By Pension and Benefits Editorial Staff
Even accounting for unplanned expenses due to COVID-19 testing and treatment, overall health care costs are likely to be lower in 2020 than was projected prior to the pandemic, according to experts at a recent Segal webinar. Jason Jossie, associate actuarial consultant at Segal, and Kirsten Schatten, senior vice president and consulting actuary at Segal, noted that most plans are experiencing lower overall costs because of delayed and cancelled care from March through May.
Direct costs of COVID-19. According to Jossie, the direct costs of COVID-19 testing have averaged 1 percent to 4 percent of monthly medical expenses since March. He noted that there are “significant variations” from plan to plan, with some plans experiencing no COVID-19 expenses and some plans seeing monthly plan costs for coronavirus in the 30 percent to 40 percent range.
“Any particular plan’s experience is really contingent on a myriad of factors,” he said. “The biggest factor is location. Another factor is the population’s risk factors, and how many plan members have chronic conditions.”
Delayed care.

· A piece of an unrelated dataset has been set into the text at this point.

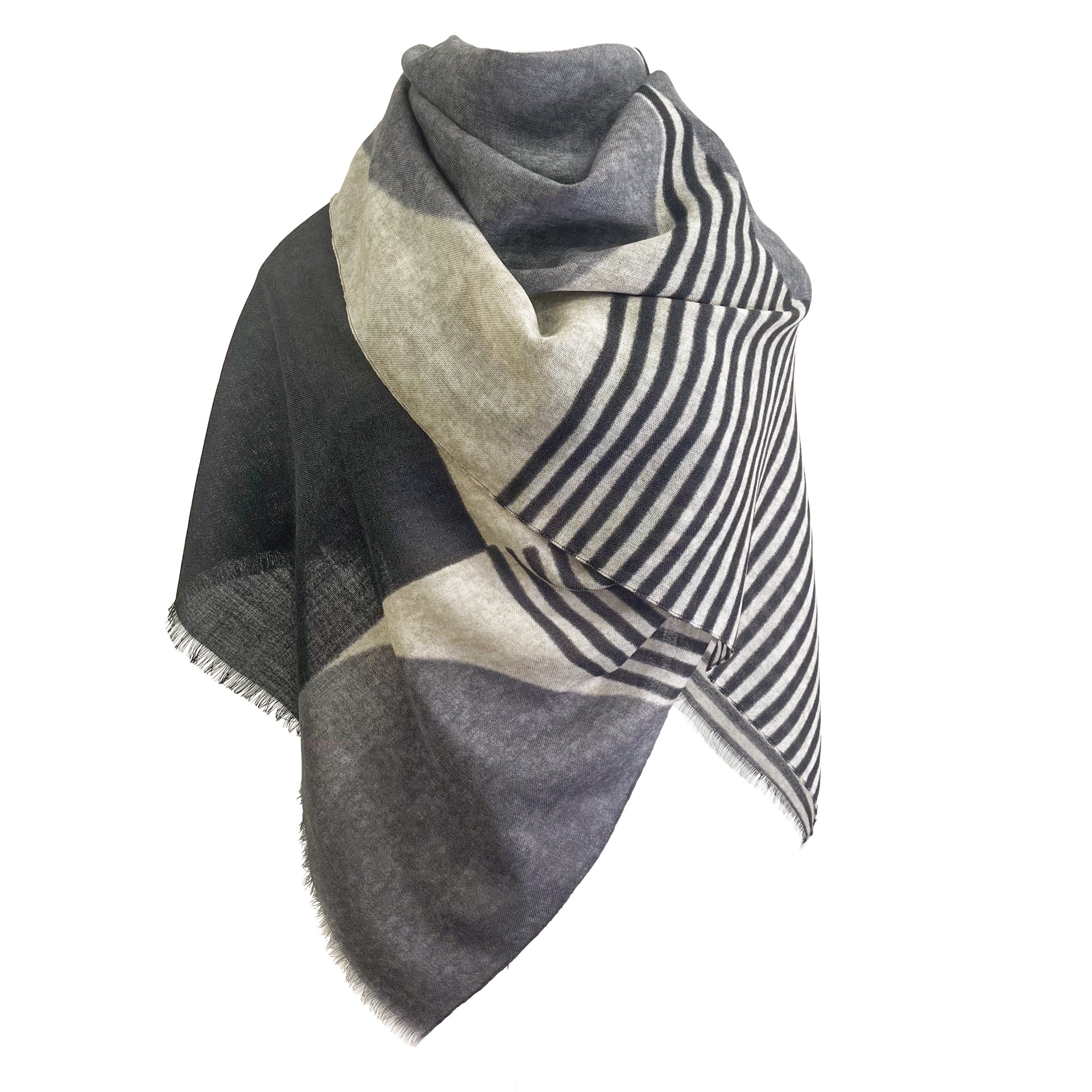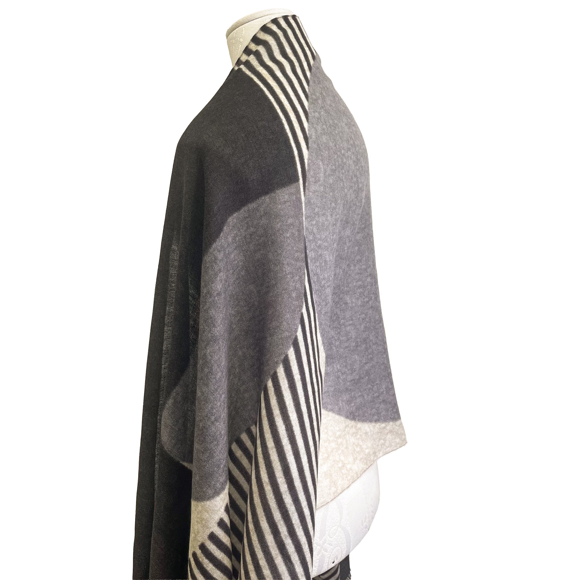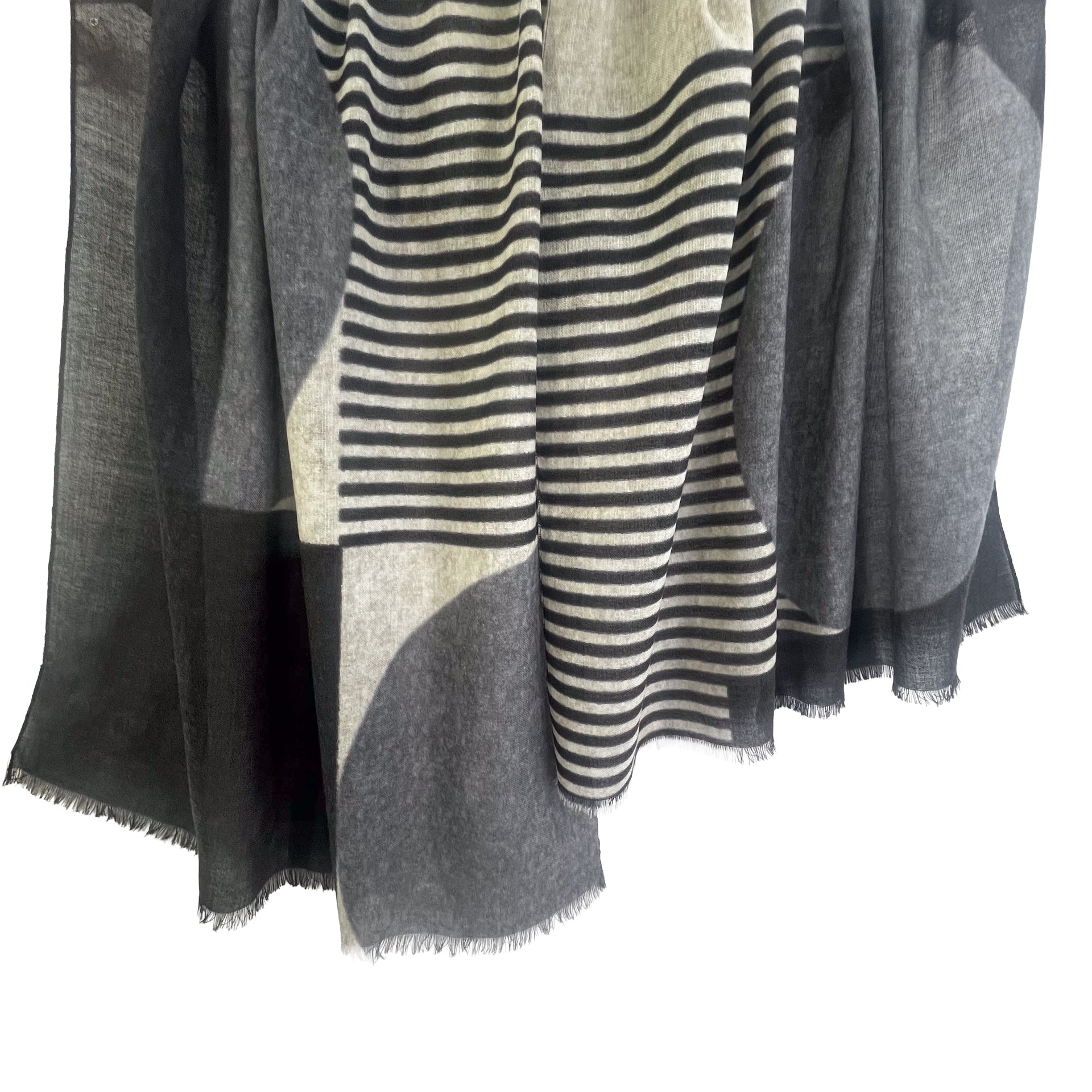 イタリア製ウールプリントストール(ブラック/ホワイト)

Schatten explained the implication of delayed and cancelled care on overall health care costs in 2020. For claims paid January through June, total claims have been down approximately 11 percent, she noted.
“The big question is: what is the pent-up demand, or the long-term implications of the under-utilization of services?” she asked. “We are making assumptions that approximately half of the care that was delayed or canceled from March to May is expected to be rescheduled. We also think that some preventive care or maintenance visits will just be postponed until the next regularly scheduled appointment. But the magnitude of this is definitely uncertain.”

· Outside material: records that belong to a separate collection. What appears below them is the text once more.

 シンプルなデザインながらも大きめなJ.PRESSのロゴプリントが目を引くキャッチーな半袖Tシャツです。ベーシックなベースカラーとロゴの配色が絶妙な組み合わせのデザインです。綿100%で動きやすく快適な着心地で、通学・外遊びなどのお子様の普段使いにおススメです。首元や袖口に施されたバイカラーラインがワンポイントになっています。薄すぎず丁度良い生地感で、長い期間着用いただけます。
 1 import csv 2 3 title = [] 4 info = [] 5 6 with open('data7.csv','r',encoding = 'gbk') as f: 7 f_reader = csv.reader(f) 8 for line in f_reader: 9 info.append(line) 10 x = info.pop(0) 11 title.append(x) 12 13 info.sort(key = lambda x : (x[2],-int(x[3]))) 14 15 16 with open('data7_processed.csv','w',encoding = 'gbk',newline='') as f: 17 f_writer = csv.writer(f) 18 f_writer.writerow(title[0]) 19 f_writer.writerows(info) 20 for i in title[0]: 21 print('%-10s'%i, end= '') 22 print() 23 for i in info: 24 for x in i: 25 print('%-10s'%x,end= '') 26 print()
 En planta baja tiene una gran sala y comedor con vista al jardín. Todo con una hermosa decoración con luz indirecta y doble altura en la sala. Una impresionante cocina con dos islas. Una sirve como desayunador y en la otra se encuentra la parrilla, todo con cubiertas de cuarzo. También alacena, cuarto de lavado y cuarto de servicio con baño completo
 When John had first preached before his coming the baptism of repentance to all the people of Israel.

The result. The indirect savings from delayed or cancelled care is expected to be approximately 3 percent to 7 percent, Jossie noted. “When we add in the direct costs for COVID-19 testing and treatment, health care expenses are expected to be about 1 percent to 5 percent lower than pre-pandemic expectations,” he said. “So, if your plan was expecting a 7 percent increase for 2020, now it might be more like 2 percent to 6 percent, depending on your region and the overall health of your population.”
Next steps. Fully insured health plans should take action, Schatten said. “Be sure to request premium refunds or premium credits from your vendors,” she concluded. “We have seen how much utilization has gone down, so if you were paying a fully insured premium, you should definitely be talking to vendors about getting discounts from them to account for the drop in utilization.”
Also, plans should monitor costs monthly, and “consider updating budget forecasts more frequently than you have in the past,” Schatten commented. “This is a very fluid situation, with a lot of unknowns.”